Chemotherapy with stem cell transplant
Stem cell transplant is a method of giving very high doses of chemotherapy and sometimes
radiation therapy, and then replacing the blood-forming cells destroyed by the cancer treatment.
Stem cells (immature blood cells) are removed from the blood or bone marrow of a donor. After
the patient receives very high doses of chemotherapy and sometimes radiation therapy, the
donor's stem cells are given back to the patient through an infusion. These reinfused stem cells
grow into (and restore) the patient's blood cells.

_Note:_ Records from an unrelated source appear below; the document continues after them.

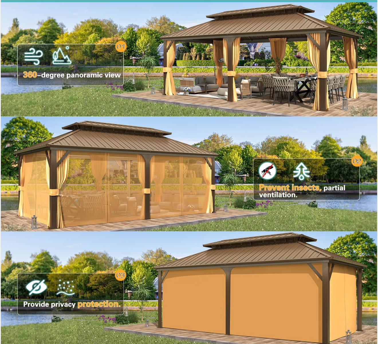
Figure 5.2: The detachable curtains and netting offer flexible options for privacy and airflow.
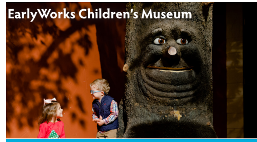
Hear a story from a talking tree, sail on a steamboat, and let the kids get hands-on with history
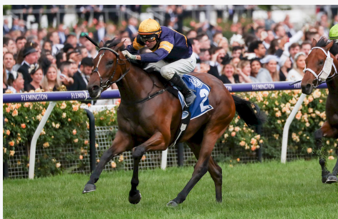
Tofane (Ocean Park x Baggy Green) Gr.1 Newmarket Hcp

The WS part-owned colt returns to the scene of his Listed Springtime Hcp (1400m) success this Saturday in a quest to add Gr.1 stallion credentials to his name.
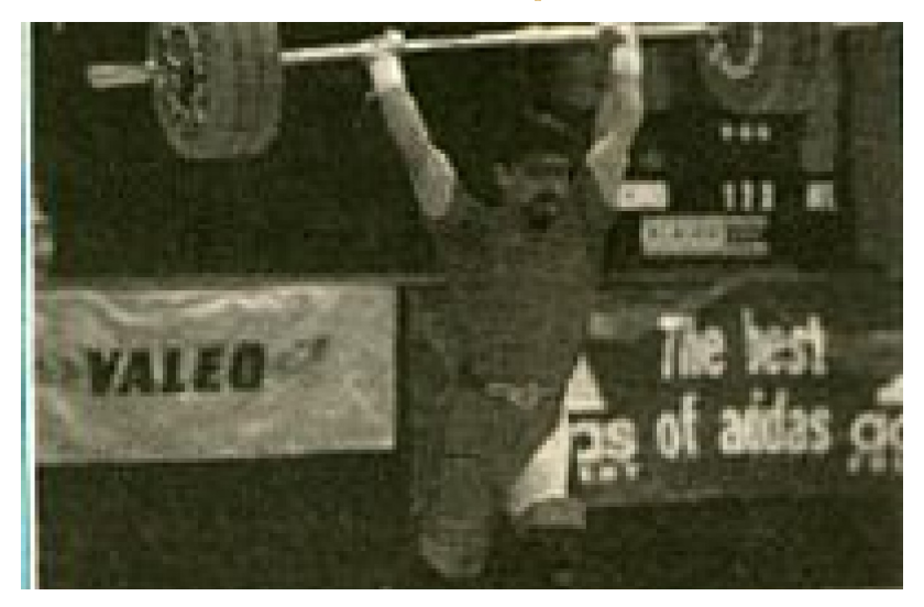
NEWS / PROFESSION
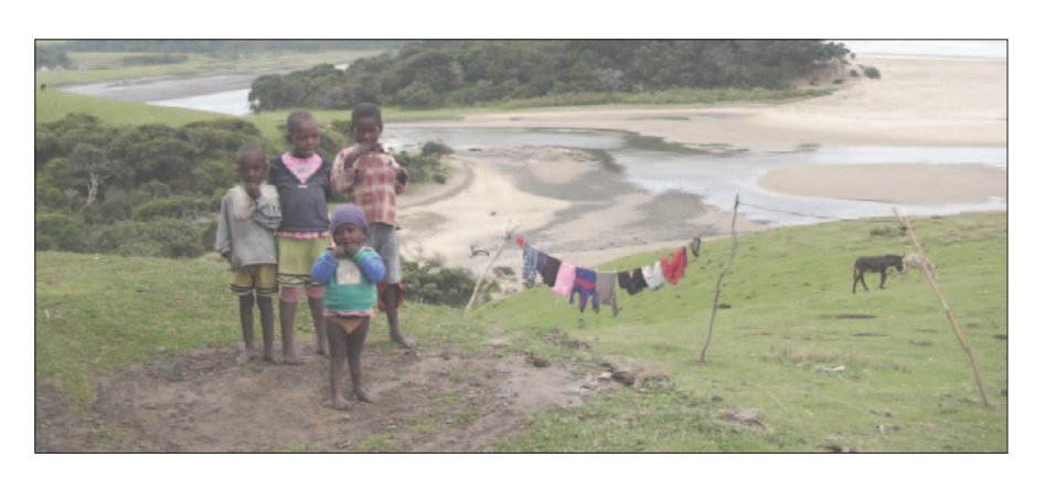
Children at their remote Bulungula River mouth home in the Eastern Cape.

A small band of energetic community service doctors in harness with a 'fixer' colleague in the Eastern Cape health department are performing deep rural health care delivery miracles in the face of corrupt, careless and dysfunctional administration.
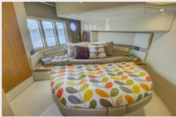
47 AZIMUT (22)
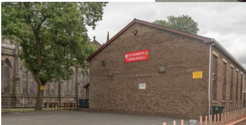
St George's Church Hall
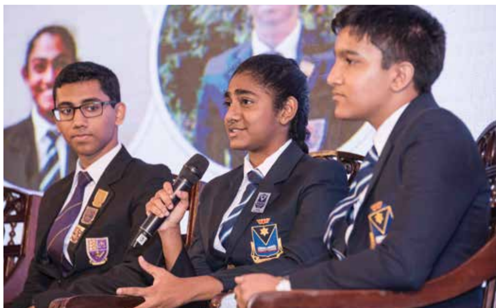
Students from Cambridge schools in Sri Lanka took part in a panel discussion at the conference.

She said: "It was an extremely enriching experience. Apart from the academic learning that takes place at the conference, the sharing of thoughts and ideas among people from diverse social and cultural backgrounds stands out. This will help teachers to develop students as global citizens."
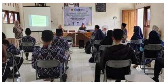
Figure 2. CAR preparation training activities

The implementation stage is the core stage of this service activity. This activity was attended by twelve subject teachers at Attohiriyah Bodak High School. This activity was carried out through two sessions, namely a training session and a mentoring session.
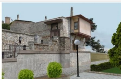
b. View of Mehmet Ali's house, Old city of Kavala, Greece
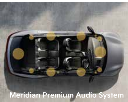
Meridian Premium Audio System
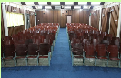
2. AVR—Lecture Hall for the plenary paper presentations
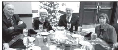
Christmas Party at Embassy Suites
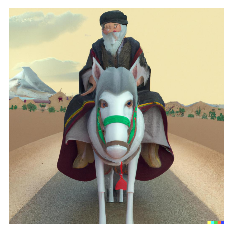
Figure 4: Kashmiri merchant on the silk road
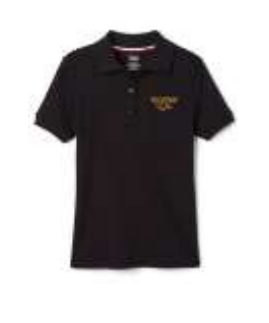
Short or Long Sleeve Monogramed Polo
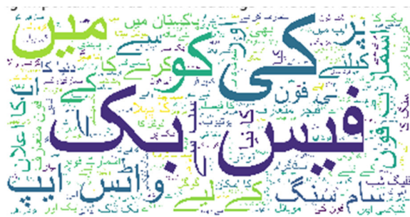
Figure 4: Word cloud representing important tags from headings of Urdu news from Science & Technology category
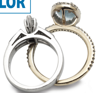
10-Year old platinum ring vs. 2-year old white gold ring

Unlike gold, platinum doesn't change color as it is a naturally white metal. Aside from an occasional polish, there is almost no maintenance involved.
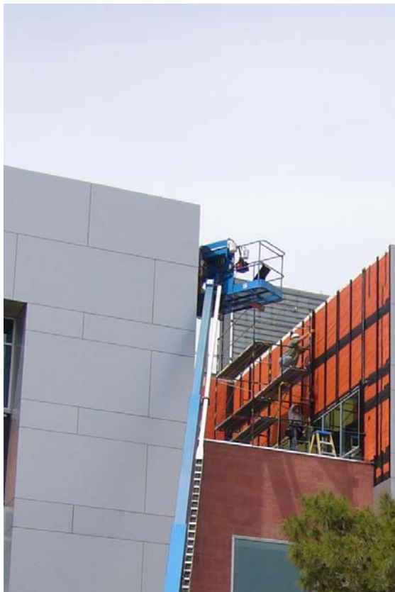
Two men and a bucket install WrapShield and VaproFlashing.
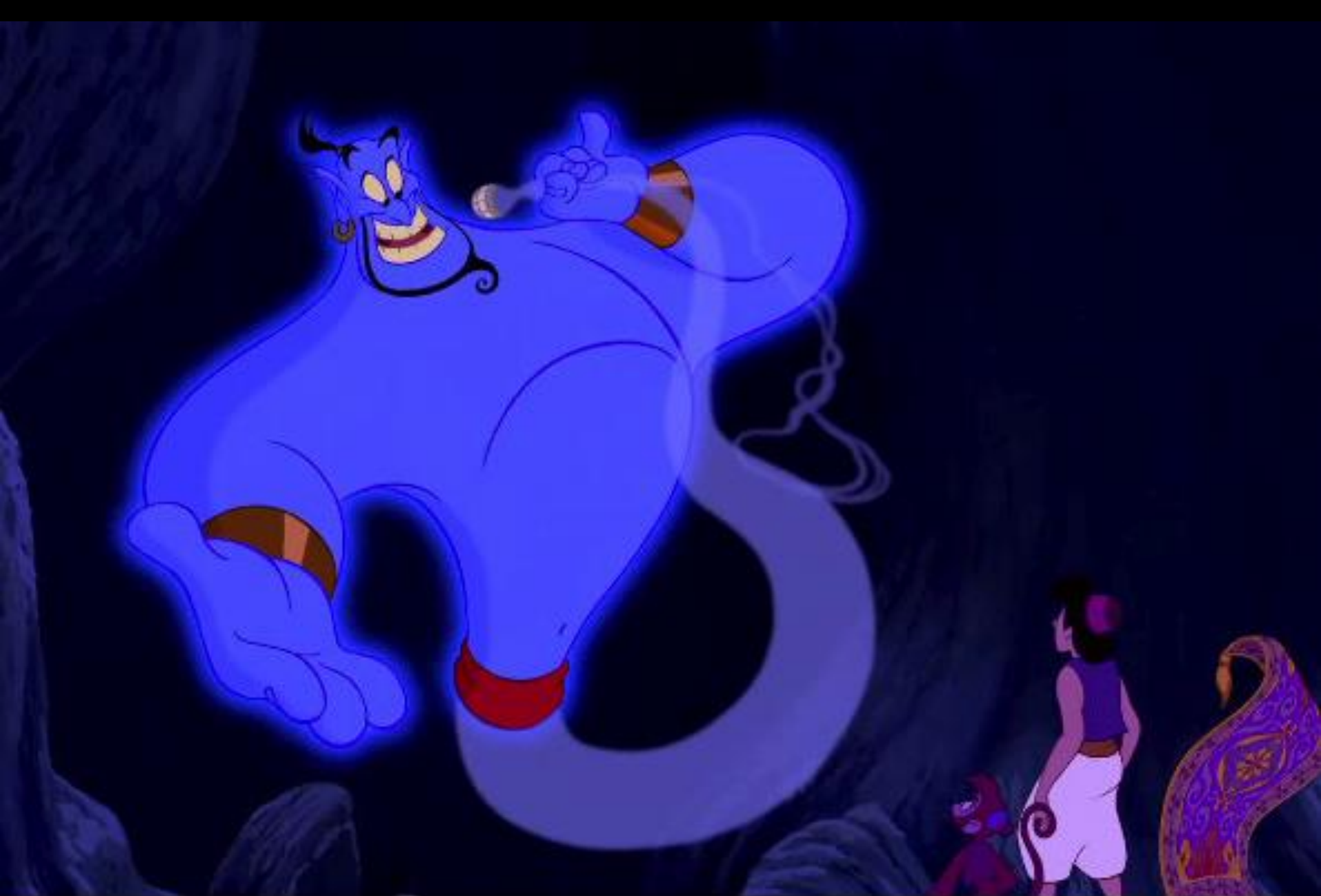
Iranian Concern Over Israeli Sorcery
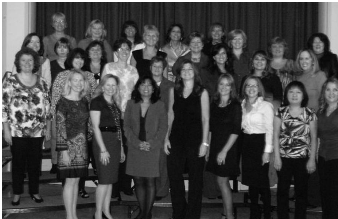
The Class of 1980 celebrated their 30th reunion at the Academy.
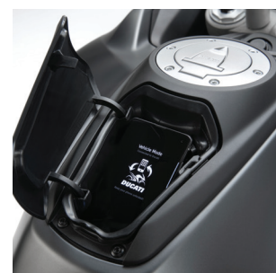
Waterproof phone compartment
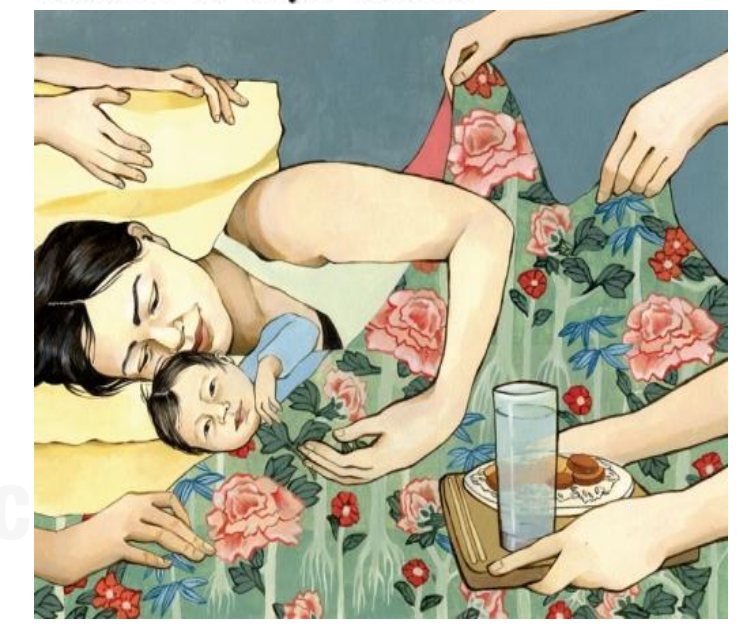
Figure 6: Mother needs to stay in the warm place

Doctors urge mothers to stay warm. So even through childbirth no icechips are given and she cannot bathe. Once home, a new mother is kept warm.
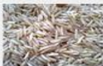
Traditional Brown Basmati Rice
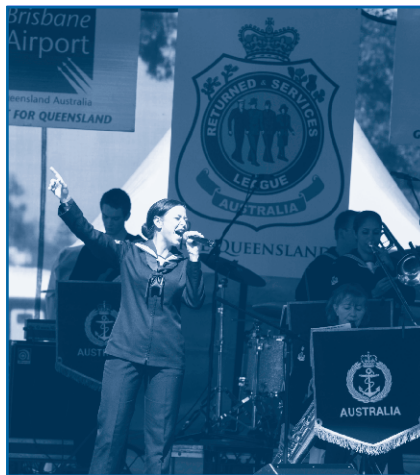
Enjoying the Navy Band at RSL Bulimba Festival 2012

of connecting with the broader community, young and old, and raising awareness of the assistance we provide to the brave men and women who have served or are currently serving.
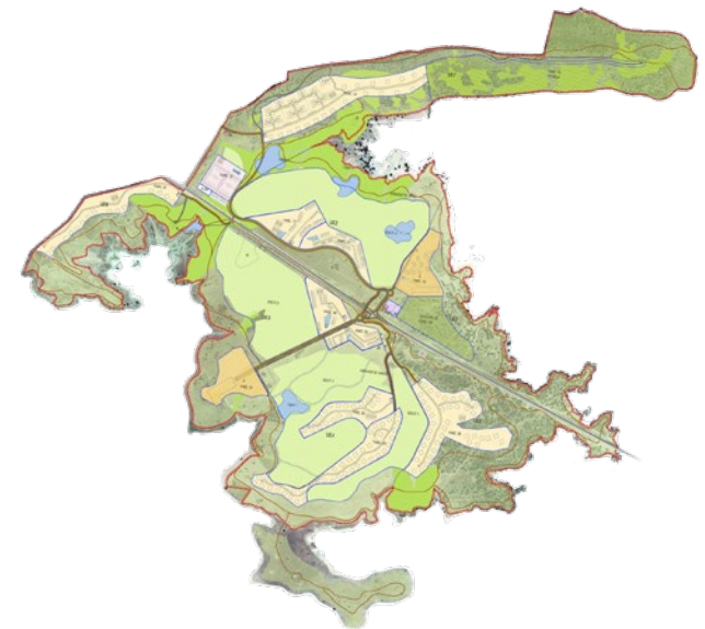
MONSARAZ NAUTICAL, GOLF & RESIDENCES RESORT MASTERPLAN
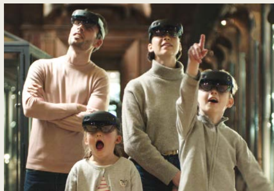
A SCENARIO-LED TOUR
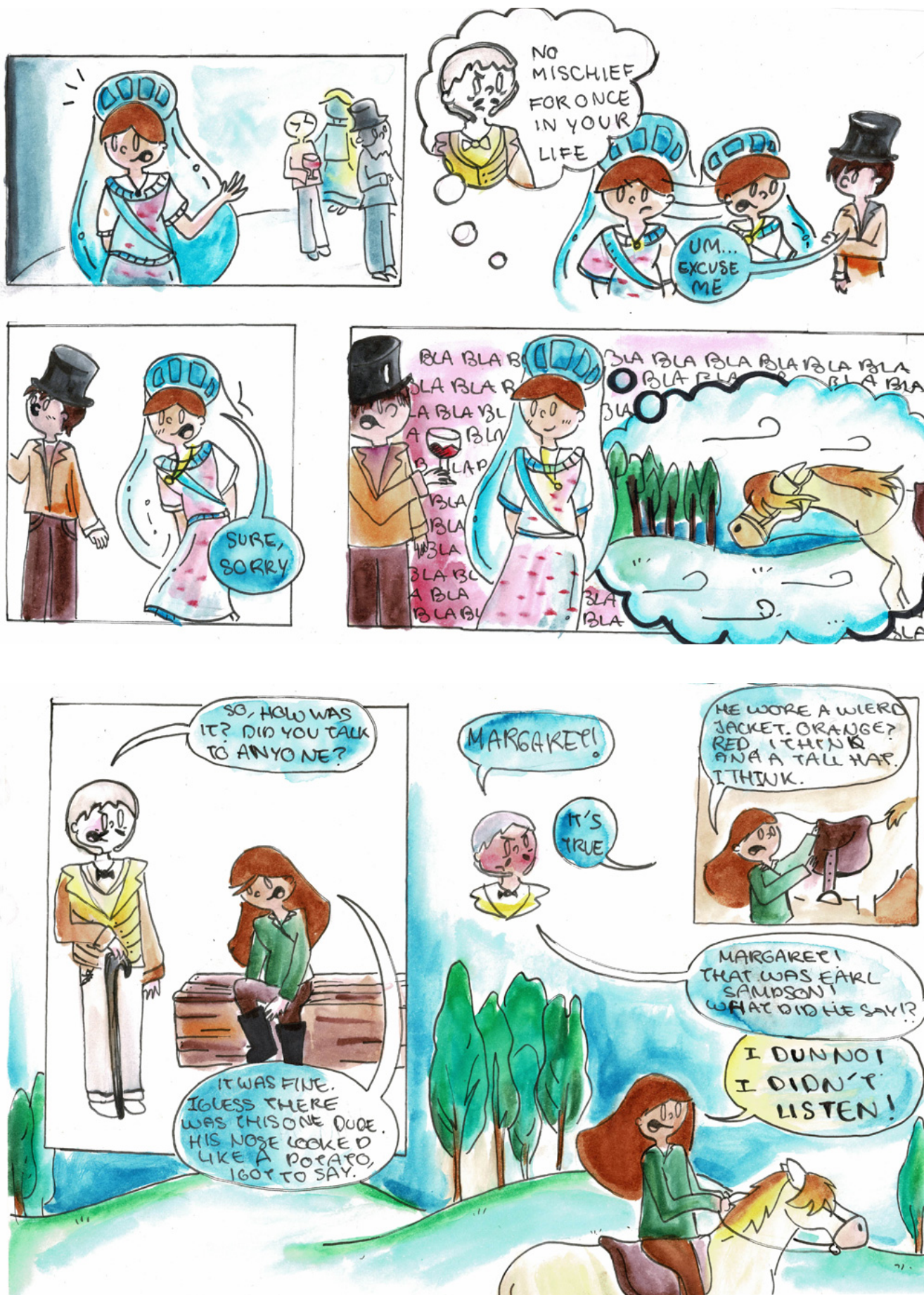
A participant's comic, inspired by a Victorian figurine from The Fitzwilliam Museum's collections.

A stem cell transplant may use stem cells from a
donor who is or is not related to the patient.
Stem cell transplant is rarely used as initial treatment for children and teenagers with ALL. It is
used more often as part of treatment for ALL that relapses (comes back after treatment).
Targeted therapy
Targeted therapy is a treatment that uses drugs or other substances to identify and attack
specific cancer cells without harming normal cells.
Tyrosine kinase inhibitors (TKIs) are targeted therapy drugs that block the enzyme, tyrosine
kinase, which causes stem cells to develop into more white blood cells (granulocytes or blasts)
than the body needs. For example, imatinib mesylate (Gleevec) is a TKI used in the treatment of
children with Philadelphia chromosome -positive ALL.